Stephen Colbert completes his hobbit collection by answering Dominic Monaghan and Billy Boyd's riddles

It's a Tolkien trivia team-up, as Peter Jackson tries to stump the expert as well

Stephen Colbert completes his hobbit collection by answering Dominic Monaghan and Billy Boyd's riddles
Dominic Monaghan, Billy Boyd, Stephen Colbert Screenshot: The Late Show

Of all the stellar casting in Peter Jackson’s Lord Of The Rings trilogy, perhaps none is so enduringly pitch-perfect than the adorable double act of Dominic Monaghan (Merry) and Billy Boyd (Pippin). The pair of hobbit cousins have remained tight in the 20 years since The Fellowship Of The Ring laid waste to the world’s box offices, appearing on Tuesday’s Late Show to promote their new podcast, The Friendship Onion. And while, sadly, it appears that their venture is not in fact a satirical fake news program about Middle Earth, the duo did spend most of their two segments trying to stump self-confessed Tolkien “superfan” Colbert, with the promise of a priceless prize concealed in Monaghan’s pocket. Sorry, “pocketses.”

First, as is a hobbit’s way, the forever-linked actors roused Colbert from his newly-restored Ed Sullivan Theater throne to dance a jig and sing the drinking song from their characters’ sojourn to Bywater’s The Green Dragon Inn. Honestly, they should have just made that one of their trivia questions, as Colbert shamefacedly confessed that, apart from the chorus, he didn’t know the lyrics to the song. Still, as the clearly delighted Colbert stomped and clapped along, it was pretty much the rousing return to post-pandemic late-night normalcy that anyone could have wished. Colbert also invited himself onto The Friendship Onion as a guest, while the erstwhile Meriadoc Brandybuck and Pippin Took explained that, yes, people do offer up some second breakfast every time they see the two together on the street.

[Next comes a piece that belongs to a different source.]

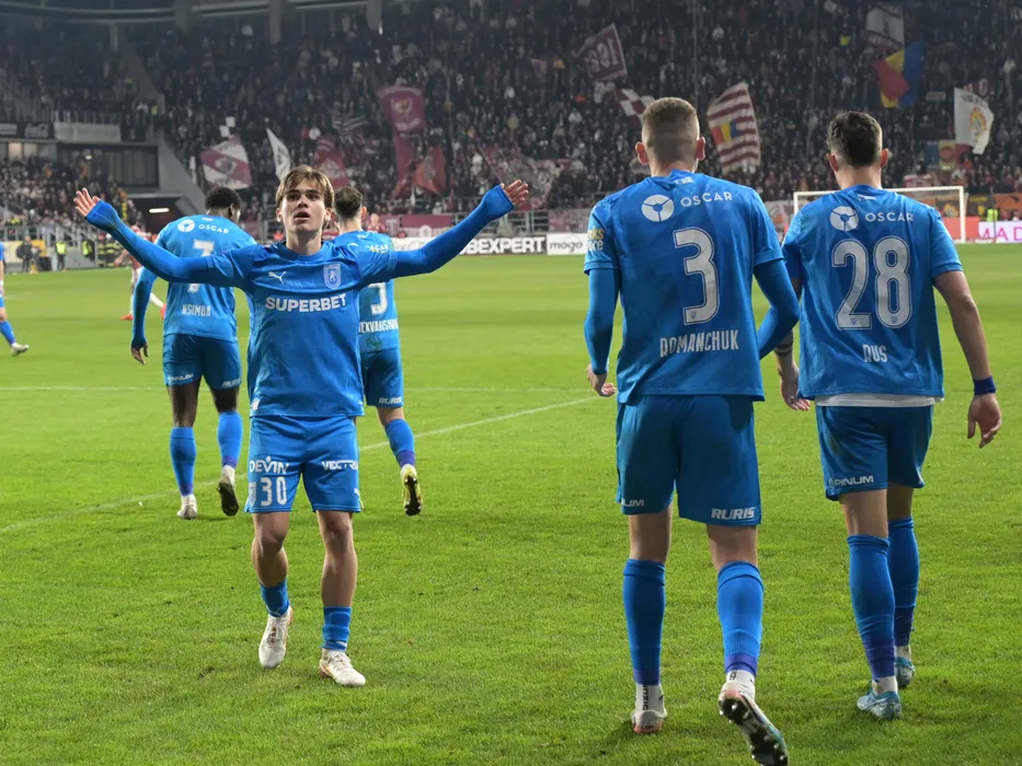 David Matei se bucura dupa un gol craiovean reusit in meciul de fotbal dintre Rapid Bucuresti si Universitatea Craiova, din cadrul Superligii Superbet, desfasurat pe Superbet Arena-Giulesti din Bucuresti, duminica 8 martie 2026. © FOTO:Razvan Pasarica/SPORT PICTURES

But the real fun took place after the break, as Monaghan, patting his pocket and jostling his legs in anticipation, told Colbert that he’d only hand over the coveted, concealed precious if the host could answer the actors’ riddles three. (Actually it was two riddles, but one was a two-parter.) Colbert’s aced such quizzes in the past, be they asked by Thranduil or even J.R.R. Tolkien and wife Edith themselves, but it was these unassuming hobbits who proved unaccountably tough. Sure, everyone knows who Shelob’s mother was and how that spider-matron died. That’s kid stuff. But could Colbert come up with the name of the specific glen in Fangorn Forest where Merry and Pippin witnessed Treebeard’s entmoot, a tidbit known to only the truest and nerdiest of heart? Plus, adding to the difficulty, Peter Jackson himself beamed in to ask the bonus question of just which historical hobbit invented the game of golf (famously and originally played with a severed orc’s head).

Cobbling together enough half-correct answers to receive Monaghan’s indeed pretty cool (if anatomically creepy) prize, Colbert eventually kept his streak mostly intact. He also responded to the online outrage about the potential Game Of Thrones-ing of the upcoming Lord Of The Rings prequel series, whipping out his ever-handy text of The Fellowship Of The Ring to read out that passage where Tom Bombadil successfully entices his hobbit guests to “run naked on the grass.” As Boyd told of the time that LOTR screenwriter Philippa Boyens prankishly wrote in a scene where Merry and Pippin go bare-arsed after a fall from Treebeard’s branches, Colbert told all those purists out there that he didn’t want to hear any of their prudish prohibitions when it comes to potential halfling nudity on the lavishly expensive Amazon series. The Laketown spy has spoken, people.